◆ Task to complete
Within the material below, transcribe exactly the lines from the one holding "Tre skådespelare står" through the one holding "通州区委社会工委副书记李宗秀", keeping both ends and skipping the rest.

◆ Raw data
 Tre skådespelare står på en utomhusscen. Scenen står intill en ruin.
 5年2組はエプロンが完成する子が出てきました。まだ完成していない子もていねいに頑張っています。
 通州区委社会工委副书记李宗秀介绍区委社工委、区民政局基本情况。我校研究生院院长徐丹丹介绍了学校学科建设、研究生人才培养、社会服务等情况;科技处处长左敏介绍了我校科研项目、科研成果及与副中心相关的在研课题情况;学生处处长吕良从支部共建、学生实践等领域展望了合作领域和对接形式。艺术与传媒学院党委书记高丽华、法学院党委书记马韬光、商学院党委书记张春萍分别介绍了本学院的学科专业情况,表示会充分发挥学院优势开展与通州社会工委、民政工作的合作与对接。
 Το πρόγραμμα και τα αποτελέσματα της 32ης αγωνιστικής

...

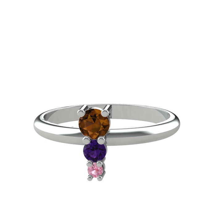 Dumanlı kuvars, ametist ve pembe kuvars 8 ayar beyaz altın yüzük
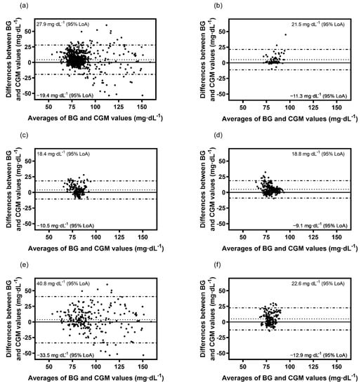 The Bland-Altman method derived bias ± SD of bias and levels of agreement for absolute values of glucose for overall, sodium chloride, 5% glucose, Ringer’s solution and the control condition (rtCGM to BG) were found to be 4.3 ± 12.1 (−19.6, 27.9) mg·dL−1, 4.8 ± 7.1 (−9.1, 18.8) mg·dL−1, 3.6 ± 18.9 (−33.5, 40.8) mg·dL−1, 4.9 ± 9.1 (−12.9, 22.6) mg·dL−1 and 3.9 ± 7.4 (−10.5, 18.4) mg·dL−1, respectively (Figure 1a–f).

==

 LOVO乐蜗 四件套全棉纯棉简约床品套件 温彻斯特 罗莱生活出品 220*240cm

◆ Written response
 Tre skådespelare står på en utomhusscen. Scenen står intill en ruin.
 5年2組はエプロンが完成する子が出てきました。まだ完成していない子もていねいに頑張っています。
 通州区委社会工委副书记李宗秀介绍区委社工委、区民政局基本情况。我校研究生院院长徐丹丹介绍了学校学科建设、研究生人才培养、社会服务等情况;科技处处长左敏介绍了我校科研项目、科研成果及与副中心相关的在研课题情况;学生处处长吕良从支部共建、学生实践等领域展望了合作领域和对接形式。艺术与传媒学院党委书记高丽华、法学院党委书记马韬光、商学院党委书记张春萍分别介绍了本学院的学科专业情况,表示会充分发挥学院优势开展与通州社会工委、民政工作的合作与对接。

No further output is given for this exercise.